Usage: tedana.py [options]
Options:
-h, --help show this help message and exit
-d DATA, --orig_data=DATA
Spatially Concatenated Multi-Echo Dataset
-e TES, --TEs=TES Echo times (in ms) ex: 15,39,63
--mix=MIXM Mixing matrix. If not provided, ME-PCA & ME-ICA (MDP)
is done.
--manacc=MANACC Comma separated list of manually accepted components
--kdaw=KDAW Dimensionality augmentation weight (Kappa). Default
10. -1 for low-dimensional ICA
--rdaw=RDAW Dimensionality augmentation weight (Rho). Default 1.

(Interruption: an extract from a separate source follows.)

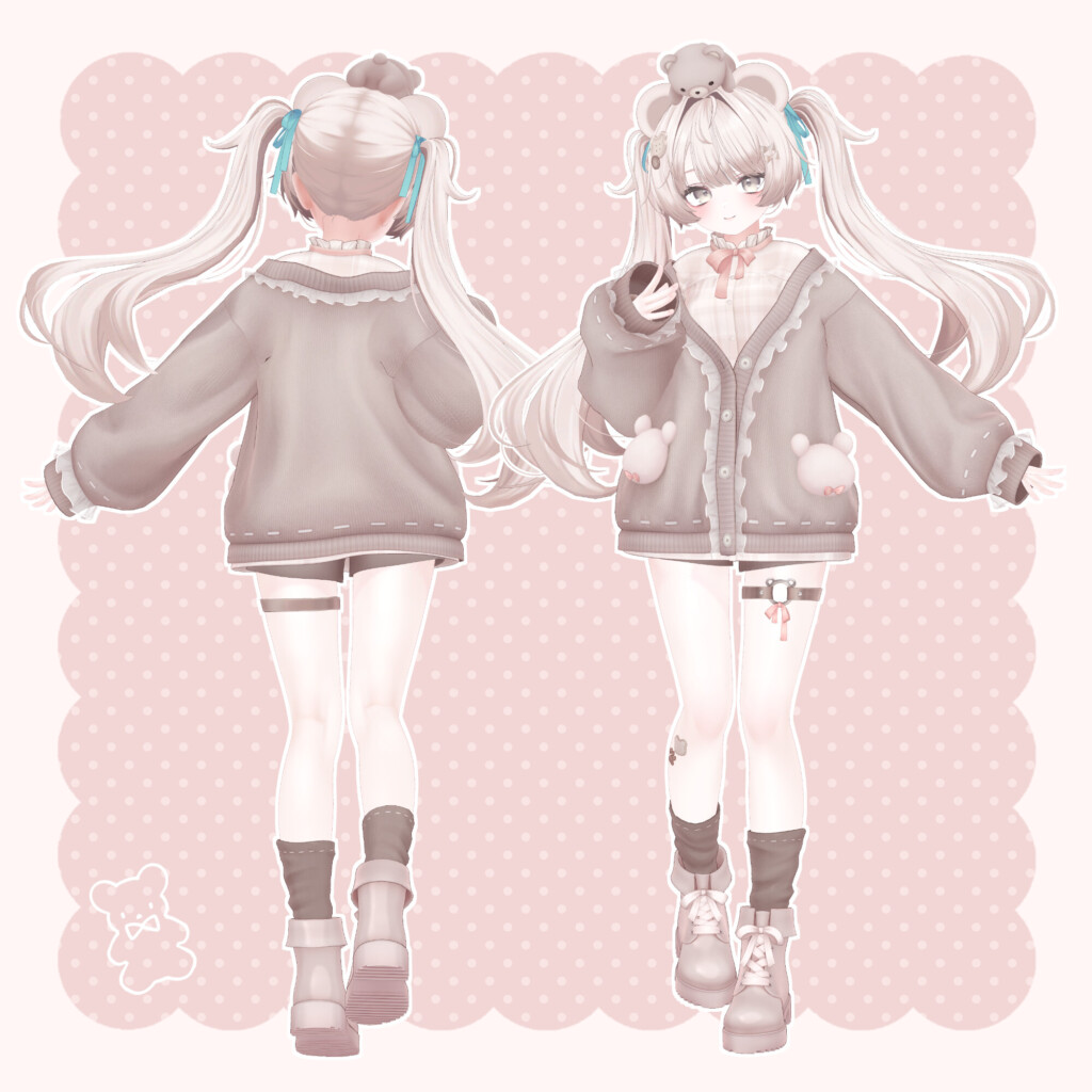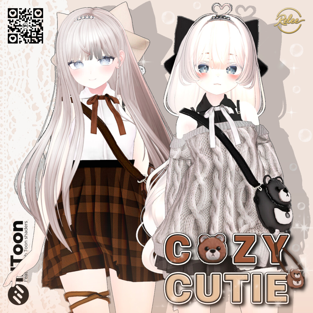 「#Relee」から販売されている「Cozy Cutie」は、13色のカラーバリエーションがあり、トップス・ボトムスとニットを上から着こなしたスタイルの切り替えが可能な衣装です。クマ型の肩掛けカバンや、様々な部分のリボンがキュートさをアピールしてくれるアイテムになっています。
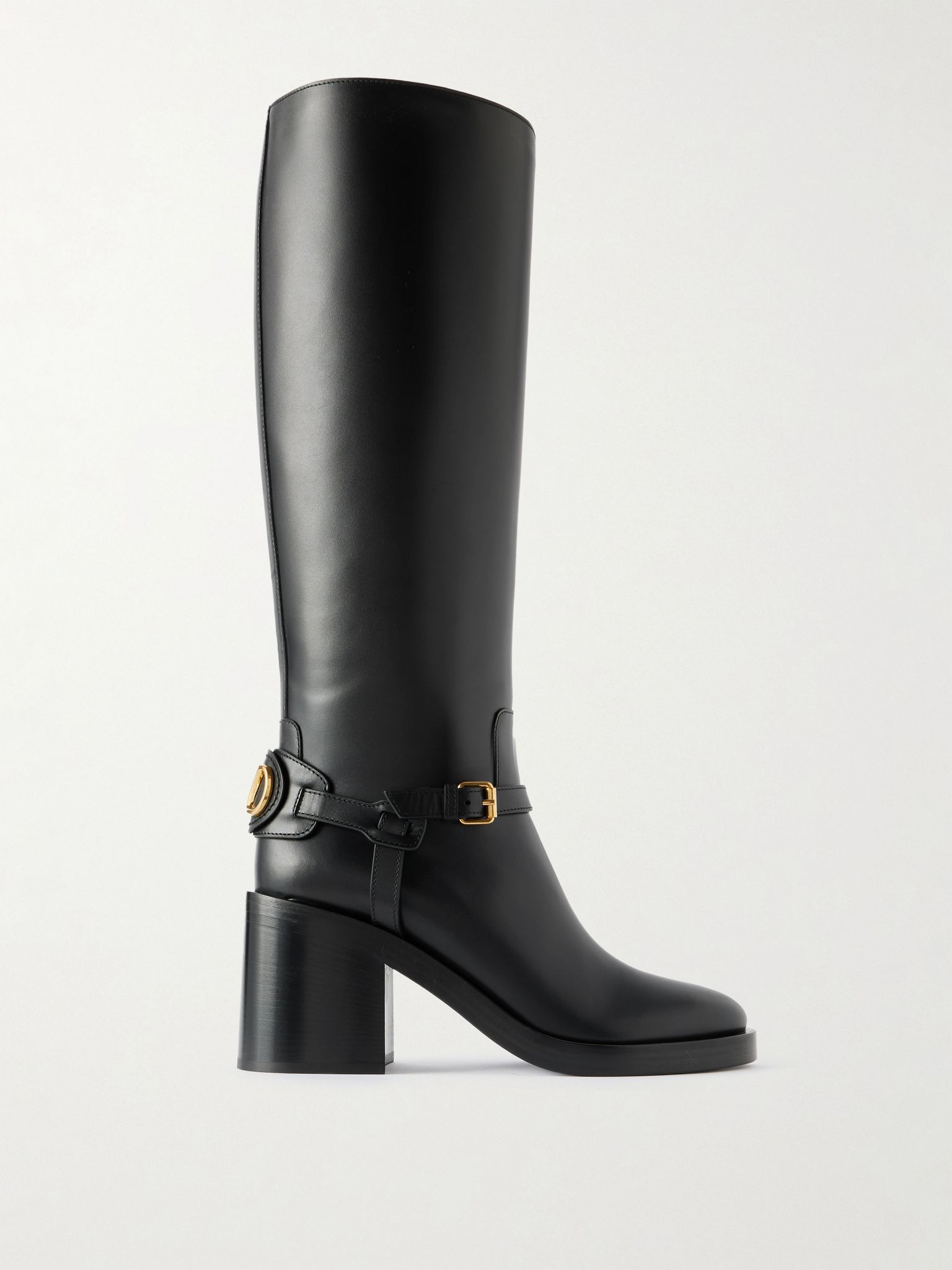 Valentino Garavani's knee boots nod to equestrian riding styles, and are elevated by gold-tone hardware. Made in Italy from smooth leather, they have harness-like straps at the ankle featuring the 'VLogo' and an adjustable buckle. The block heels offer 80mm of manageable lift. Size & Fit - Fits true to size, take your normal size - Italian sizing Details & Care - Heel measures approximately 80mm/ 3 inches - Black leather (Calf) - Pull on

-1 for low-dimensional ICA
--conv=CONV Convergence limit. Default 2.5e-5
--sourceTEs=STE Source TEs for models. ex: -ste 2,3 ; -ste 0 for all,
-1 for opt. com. Default -1.
--denoiseTE=E2D TE to denoise. Default middle
--initcost=INITCOST Initial cost func. for ICA:
pow3,tanh(default),gaus,skew
--finalcost=FINALCOST
Final cost func, same opts. as initial
--stabilize Stabilize convergence by reducing dimensionality, for
low quality data
--noignored Remove ignored components from denoised timeseries as
well.
--fout Output TE-dependence Kappa/Rho SPMs
--label=LABEL Label for output directory.
--seed=SEED Seed used for ICA. Default 42.